Lynne Curry: Manager's misdeeds carry great risks

THE WORKPLACEJanuary 26, 2014 

Q. One of our senior managers gets away with murder. He's my boss' brother-in-law. Whenever "Patrick" blows it, the rest of us go to our boss, who tells us he'll take care of things, but he doesn't -- unless "taking care" means smoothing things over or paying money to settle problems.

Over the least three years, we've lost many good employees. Some Patrick sexually harassed or simply creeped out. Others got fed up with Patrick's demeaning comments or flagrant drug use despite our company's alleged zero-tolerance policy.

I plan to give our boss a "Patrick goes or I do" ultimatum. Any suggestions?

A. Your boss needs to understand the four risks he takes by letting Patrick remain an untouchable.

Don't count on it staying with the company.

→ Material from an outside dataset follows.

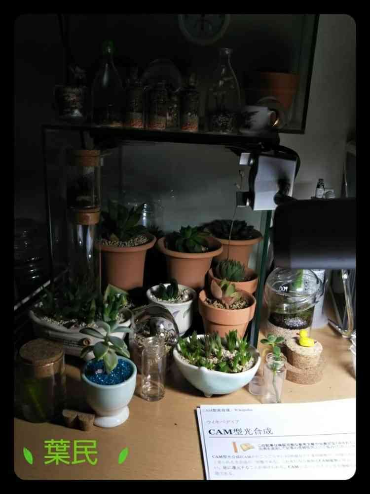 多肉とかサボは、CAM型植物でね。日中は気孔を開けると、乾燥するから閉じてるんだよ。夜は気孔を開けて、二酸化炭素を取り込むわけ。

Remind your boss he can't hide secrets like Patrick's behavior without risking the company's reputation. Media giant IAC experienced this when executive Justine Sacco tweeted, "Going to Africa. Hope I don't get AIDS. Just kidding. I'm white!" to 200 followers. Earlier she tweeted, "I had a sex dream about an autistic kid last night," and got away with it despite her high-level public relations position.

Before Sacco landed, the hashtag, HasJustineLanded Yet, became the most popular trending topic on Twitter. Her employer took the hint and fired her.

Add it up for him.

Because fed-up employees generally leave one at a time, your boss may not realize how much he has paid to keep Patrick. Shock your boss out of "things aren't that bad" by calculating the entire cost for him.

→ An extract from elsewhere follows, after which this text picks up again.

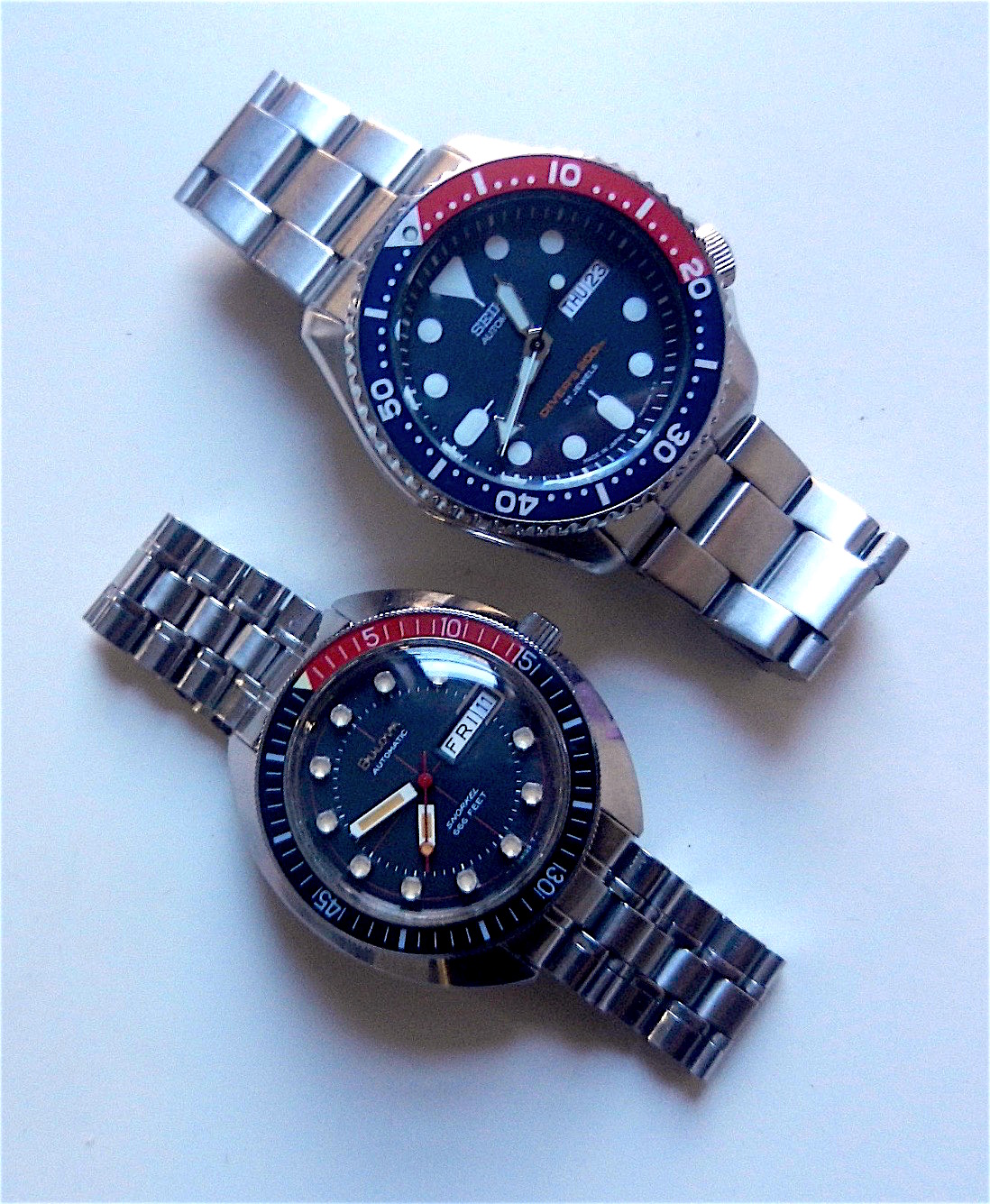Oh- and a note on the “stretch” on these bracelets- on most bracelets like the Rolex oysters, it’s the pins that are worn down that cause the gaps in the links. I’m sure these do suffer from pin wear but these actually do “stretch”- as in the folded center links that hold each link to the next start to pull apart and unfold! One I got was so horribly stretched, some of the center links were barely hanging on and were almost flat (like uncurling a spring). I used a pair of needle nosed pliers wrapped in electrical tape and went link by link and re-folded them. The links aren’t factory fresh, but I got about 1/4” back in total length and it really tightened up the bracelet.

Warn him about unintended consequences.

When your boss allows anyone, particularly a senior manager, to violate a policy without consequence, he loses his company's ability to enforce the policy. He can, in fact, anticipate a discrimination lawsuit the minute he terminates an employee racially different than Patrick for drug use.

He further risks widespread cynicism by letting a senior manager slide while enforcing policies against rank-and-file employees.

Let him know the personal hit he takes but don't threaten.

Let your boss realize his continued denial results in others losing respect for him. At the same time, realize your boss' family relations may make him feel his back is against the wall. If you give him an ultimatum, he may fight back and take you up on your offer.

Q. One of our supervisors is just not cutting it and we need to demote him. He's a proud man and a good hand, but he blows it every time he needs to enforce discipline. We can't afford how loose things have gotten. Half the time, he tells his employees he doesn't believe in our policies either, basically telling them they can break the rules. Despite this, the guys can't stand him because he lorded it over them when we promoted him.

A. Before you demote him, have you given him the training or coaching he needs to succeed? Many organizations promote good hands and let them fail. The problems you mentioned, an initial power trip, the lack of disciplinary skills and not realizing he can't send mixed messages, fit many new supervisors.

If true in this case, consider giving him training and a second chance as demoting proud employees generally permanently crashes their morale. If, however, you decide to demote him, follow these guidelines.

Show him respect by discussing the demotion and then listening to everything he has to say.

Let him know you want him to remain with your company because you value him and consider him a good hand. He may feel like a complete failure.

Explain your reasons for demoting him if he asks. If not, don't pour salt into the wound.

Let him know if you'll be maintaining or reducing his pay, or if he'll make more money because he'll regain overtime eligibility. Agree with him on what you and he will tell his former employees. You don't want him shamed.

Finally, be prepared for anger, unexpected questions or your employee losing morale and offering his resignation.